Эти часы — третий, четвертый, пятый — душны даже здесь в саду, на перевале. Густо пахнет вялым виноградным листом, около земли припеченным, желтым; земля горячая, не устоишь босиком; цикады трещат лениво; высоко, где, кажется, еще жарче, вьются орлы; на поздние черешни садятся с довольными криками стаи молодых большеротых скворцов, и Зиновья бросает в них неловко, по-бабьи, комьями земли и кричит: «Кши, окаянная сила!» Скворцы улетают с ягодами в клювах, а потом хитро подбираются вновь.

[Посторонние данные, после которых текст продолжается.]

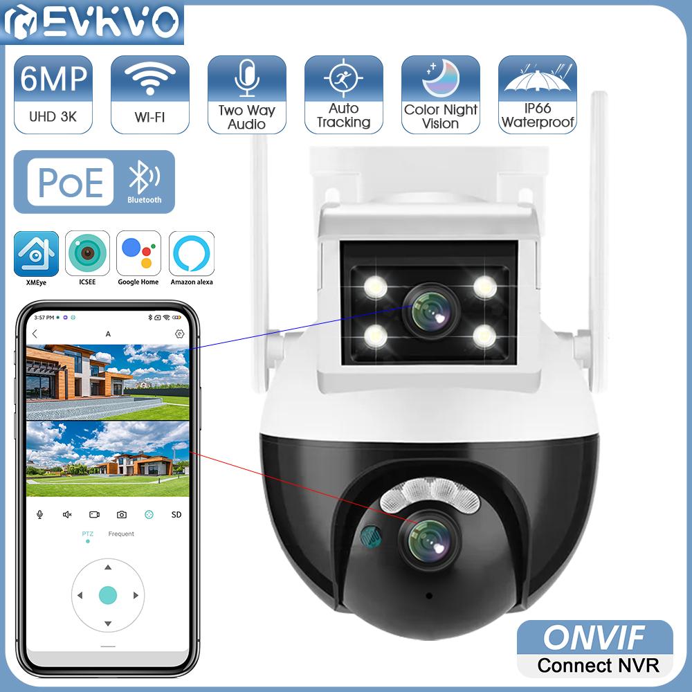 МЦСЕЕ 6MP 3K (2304*2592) Камера PTZ-наблюдения с двумя объективами, POE и отслеживанием движения, AI, обнаружение людей, NVR, уличная водонепроницаемая камера видеонаблюдения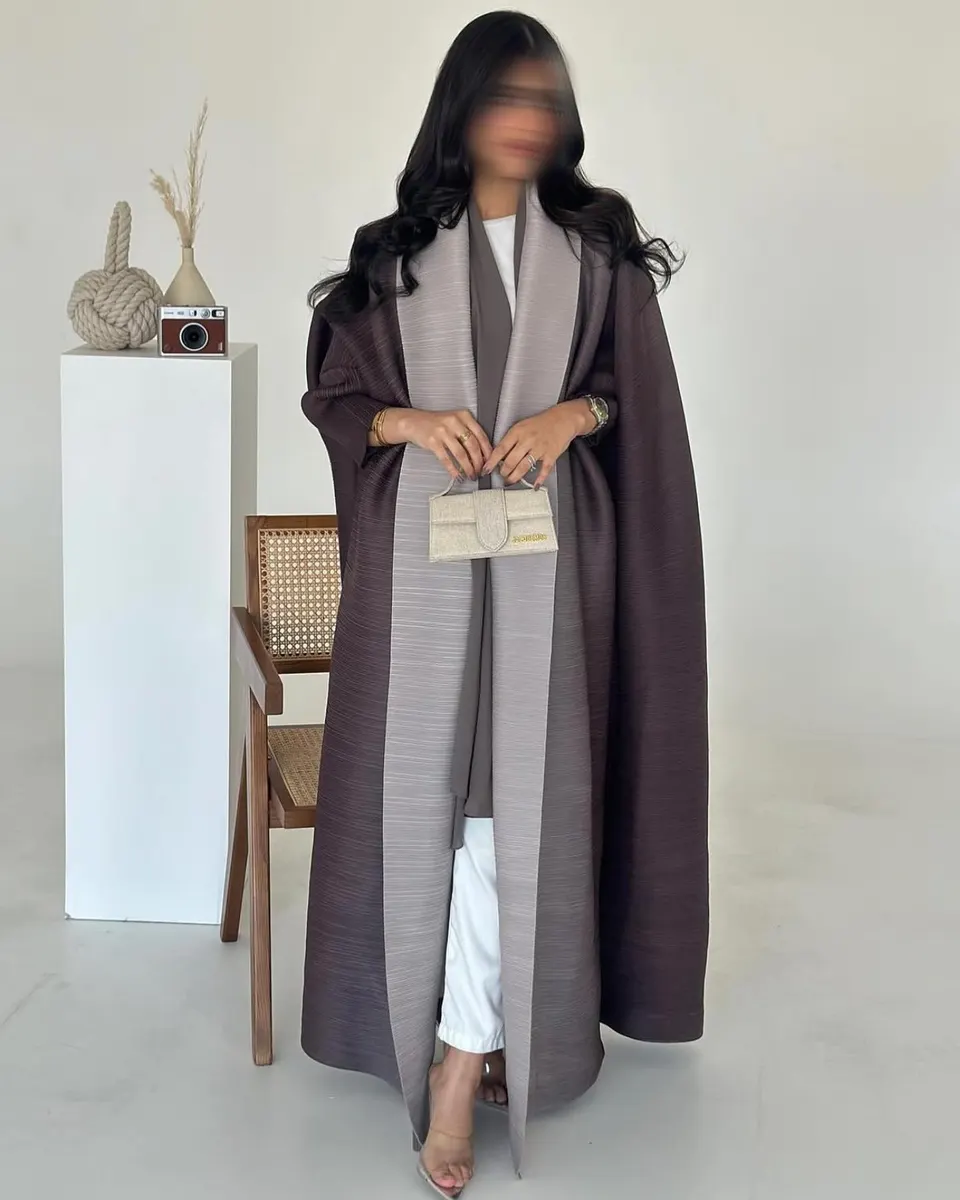 Elegant dual-tone cocoa and taupe pleated abaya with soft flowing layers and contemporary chic finish.

Длинный толстый желтобрюх давно уже лежал на куче прошлогодних сухих чубуков и сладко грелся, но, заслышав близко Назара, зашуршал и пропал в дубняке. Земля — и тут же над землею солнце: так оно низко и велико. Только успел Назар пройтись известью по черной смолистой толевой крыше, и уж она побелела, повеселело в саду и кругом: белое издалека видно; в белом человека больше всего.
Утром солнце шире, к вечеру — уже. Брызнувшее по всему небу с утра — к вечеру стекается оно в одно русло, и вот ее уж почти определенно видно, солнечную реку: это бывает здесь в шестом часу, когда жестко звенят по-деловому ведра у большого бассейна. Колодца здесь нет, вода дождевая, с крыш. Назар, разнося ее по деревьям, по неровной покатой кочковато-вскопанной почве, упруго и устало ставит ноги. Много посадок около дачи, и вьются по резному балкону настурция и вьюнок: это час их рабочего водопоя; пахнет сырою землей и цветами.
Раза два хотел послать Назар Зиновью или Фанаску на кухню посмотреть, как работает печник, и все находилось для них другое дело.
Но когда приходится пройти с ведрами мимо кухни — полить помидоры на грядках, Назар видит Федора: спит Федор.
Спросонья Федор ничего не может понять: где это он, как попал сюда, почему кричит на него этот скуластый малый?.. А спросонья он даже и на Федора не совсем похож: картуз в обтяжку тот же, и длинный, сизый нос тот же, и та же борода — путаный лес, но как будто ему лет на десять больше: что-то отняла у него на время земля.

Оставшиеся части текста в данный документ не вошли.